No flags needed — comprehensive detection is the default.
| Mechanism | File(s) | Ecosystem | Detection scope |
|---|---|---|---|
| Package manager lockfiles | uv.lock, requirements.txt, package-lock.json, yarn.lock, Cargo.lock |
python, node, rust |
Anywhere in tree |
| Terraform provider lock | .terraform.lock.hcl |
terraform |
Anywhere in tree |
| Ansible Galaxy manifest | ansible/requirements.yml or .yaml |
ansible |
Under directories named ansible/ |
| Tool manifest | sbom-tools.yaml (repo root) |
tool, ansible, terraform, etc. |
Repo root only |
Go / Java parsers (go.sum, pom.xml, gradle.lockfile) are not yet
implemented — planned for a future workplan.
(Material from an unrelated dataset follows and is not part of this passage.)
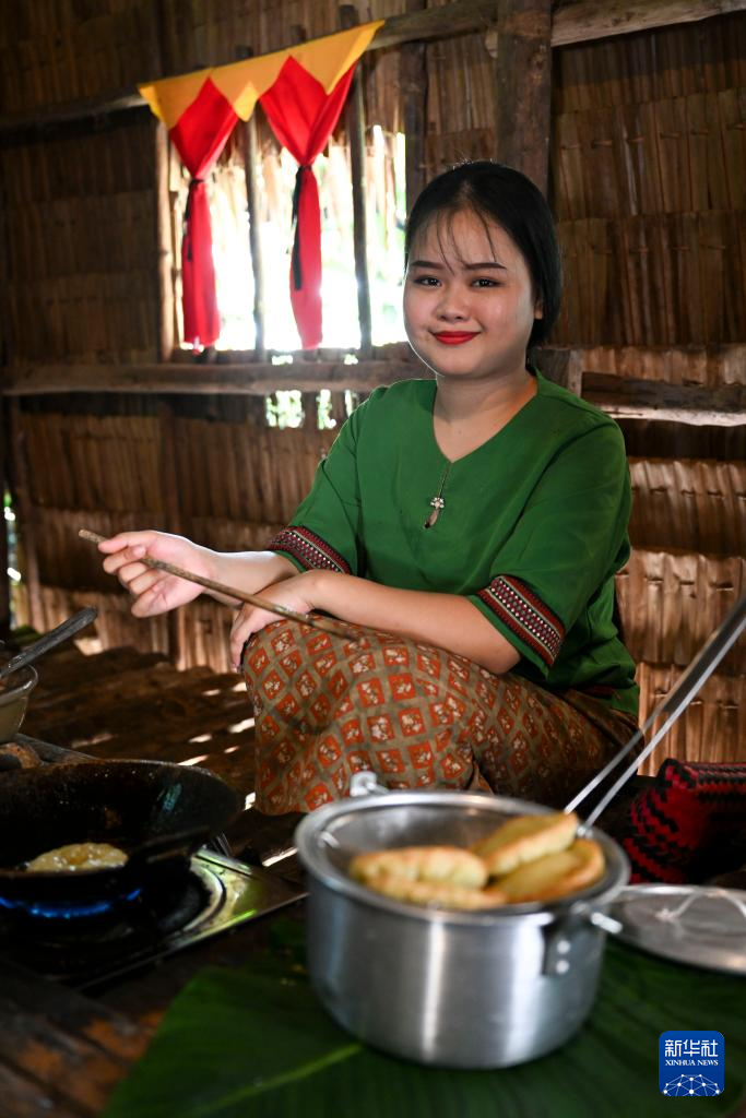 11月14日,在馬來西亞沙巴州的馬里馬里文化村,一名女子制作傳統民族食物。

Principle: commit lockfiles and sbom-tools.yaml to the repo. These are
the SBOM source of truth; do not generate them at ingest time.
2. Repo Registration Prerequisite
Before SBOM data can be reported, the repo must be registered in the State Hub:
cd ~/the-custodian/state-hub
make add-repo DOMAIN=<domain-slug> SLUG=<repo-slug> NAME="<Display Name>" PATH=/absolute/path/to/repo
Check registered repos:
make list-repos
# or
curl -s http://127.0.0.1:8000/repos/ | python3 -m json.tool
3. SBOM Ingestion
3.1 Standard ingest (all mechanisms, recommended)
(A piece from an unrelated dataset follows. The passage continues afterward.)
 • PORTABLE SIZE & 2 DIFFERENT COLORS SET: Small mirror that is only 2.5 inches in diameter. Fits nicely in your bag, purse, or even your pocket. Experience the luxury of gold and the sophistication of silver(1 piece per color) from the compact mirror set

cd ~/the-custodian/state-hub
make ingest-sbom REPO=<slug> REPO_PATH=/path/to/repo
ingest_sbom.py automatically runs all four mechanisms in one scan — lockfiles,
Terraform provider locks, Ansible Galaxy manifests, and sbom-tools.yaml. All
results are merged into a single snapshot. Non-dep directories (.venv,
node_modules, .git, dist, etc.) are automatically skipped.
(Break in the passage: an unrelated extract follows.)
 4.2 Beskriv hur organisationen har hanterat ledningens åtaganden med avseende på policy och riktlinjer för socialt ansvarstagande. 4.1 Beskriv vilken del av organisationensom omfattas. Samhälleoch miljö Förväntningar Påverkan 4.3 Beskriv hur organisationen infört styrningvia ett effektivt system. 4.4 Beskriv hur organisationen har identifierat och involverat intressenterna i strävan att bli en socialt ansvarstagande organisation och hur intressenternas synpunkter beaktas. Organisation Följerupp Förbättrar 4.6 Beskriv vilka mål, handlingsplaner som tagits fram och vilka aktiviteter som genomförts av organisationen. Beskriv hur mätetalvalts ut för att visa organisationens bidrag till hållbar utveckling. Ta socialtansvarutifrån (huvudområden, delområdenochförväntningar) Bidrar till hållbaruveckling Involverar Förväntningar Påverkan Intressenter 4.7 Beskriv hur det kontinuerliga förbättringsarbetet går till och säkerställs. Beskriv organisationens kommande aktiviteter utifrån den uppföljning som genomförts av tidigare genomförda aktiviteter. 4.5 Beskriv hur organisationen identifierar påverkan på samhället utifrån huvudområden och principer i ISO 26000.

3.2 Repos with system-level tools: capture first, then ingest
For repos that use system-level tools not tracked by any lockfile (Terraform binary, Helm, kubectl, k3s, goss, etc.):
# Step 1: generate sbom-tools.yaml via agent
make capture-tools REPO=<slug> REPO_PATH=/path/to/repo
# Step 2: review sbom-tools.yaml — correct any confidence: low entries
# Step 3: commit sbom-tools.yaml
git -C /path/to/repo add sbom-tools.yaml && git -C /path/to/repo commit -m "chore(sbom): add tool manifest"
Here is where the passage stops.